¿De qué hablamos cuando hablamos de sostenibilidad? Grandes y pequeñas compañías han manifestado su compromiso con los Objetivos de Desarrollo Sostenible (ODS), pero ¿es posible llevarlos a la realidad, lograr un impacto tangible en las comunidades donde desarrollan su negocio? A priori, no parece fácil concretarlo, pero existen metodologías como CSV, que facilitan la integración de la sostenibilidad en cada proyecto a través de la creación de valor compartido.

Las siglas CSV nacen de la expresión en inglés “Creating Shared Value”, que dio título a un artículo publicado a principios de 2011 por Michael E. Porter y Mark R. Kramer en la revista Harvard Business Review. El concepto cristalizó inicialmente en empresas pioneras, como Google, Facebook o Nestlé, y supuso un giro en la gestión de los impactos de los proyectos en el entorno.

Esta nueva visión se ha ido consolidando poco a poco en distintos sectores. En España tenemos algunos ejemplos de cómo se trabaja bajo la óptica de la creación de valor compartido. Es lo que ha hecho en los últimos años Endesa, que ha incorporado a las comunidades locales donde desarrolla sus proyectos energéticos y donde opera sus activos.

Con esta visión, se pasa de un enfoque clásico de la Responsabilidad Social Corporativa (RSC), más centrado en la “compensación” de los impactos de un proyecto, a una metodología dialogante, colaboradora e integradora, donde las comunidades donde se desarrollan los proyectos tienen un rol protagónico en la decisión de hacia dónde se crea valor. Su voz tiene peso desde el principio porque el proceso es participativo.

La clave es maximizar el valor y minimizar los impactos negativos que los proyectos y activos puedan generar sobre las comunidades locales de su entorno. ¿Cómo lograrlo? Poniendo en marcha un plan CSV asociado a cada proyecto, a cada activo. 

Metodología CSV adaptada a cada país

Para lograrlo, Inmaculada Fiteni, directora de CSV y Proyectos de Sostenibilidad de Endesa, explica que cuentan con una metodología muy estructurada que se adecúa a la idiosincrasia de cada país. En cada plan de creación de valor compartido hay cuatro fases: análisis, diálogo con los grupos de interés, diseño del plan, y ejecución y seguimiento.

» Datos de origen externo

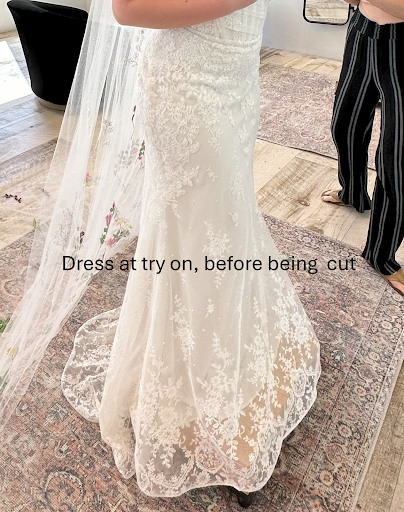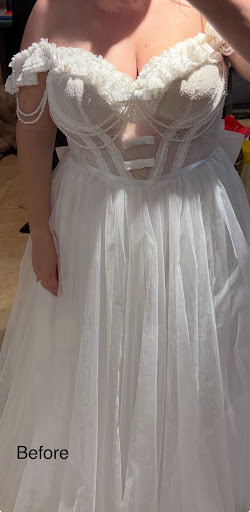 Read moreDo not bring your wedding dress here. I was charged $1300 for them to cut off the front hem of my dress (which was not the plan to shorten it), for them to take in the dress, add the laziest bustle I’ve ever seen (just one eyelet hook and a piece of string to hang it on) and sew in what I brought as removable straps. I came in about 4 times to try on my dress with the seamstress and each time, something had been done that was not discussed. First, they cut off the front hem (see photos) to shorten the dress. After doing that, they then decided to take the dress in at the waist, thus negating having to cut the hem at all! Next, they added lace cups, which I didn’t mind all that much. But the lace they used was cheap and a completely different color than my ivory dress. At all of my 4 appointments, I asked them to charge the removable straps from an elastic loop and button, to snaps/fasteners. After they had my dress for almost 7 months, I picked it up for the final fitting and the straps has been sewn in. I had to take the dress back and ask AGAIN for snaps. Thankfully the one seamstress there who actually listened to me, was able to add in the snaps in 1 weeks. What I should have done then was check the snaps and see that the male part of the snap was left IN THE DRESS. Unfortunately, I didn’t do that and only discovered while dancing at my wedding that the remaining part of the snap was ripping up my back. So now I have photos of my back covered in tape from my wedding because a “professional seamstress” didn’t think to make my dress functional. I deeply regret bringing my dress here. I wasted my time and money on...
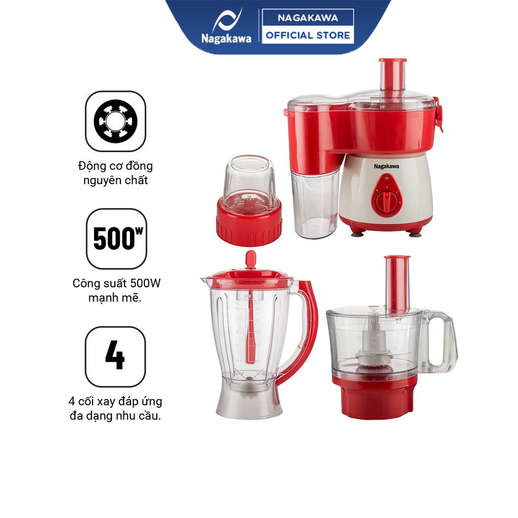 - Công năng: Đa chức năng: Xay sinh tố, đồ khô, ép và cắt lát thực phẩm

En el análisis se conoce el entorno socioeconómico y cultural del lugar y se establecen indicadores con los temas relevantes para la comunidad. Lo suele elaborar una empresa con conocimiento del entorno. Pero después viene el contacto directo en terreno, con reuniones y encuentros para enriquecer el análisis, conociendo los temas de mayor sensibilidad. Y se busca el consenso sobre los ejes del plan CSV.

Parque fotovoltaico en Valdecaballeros, Extremadura. (Cedida)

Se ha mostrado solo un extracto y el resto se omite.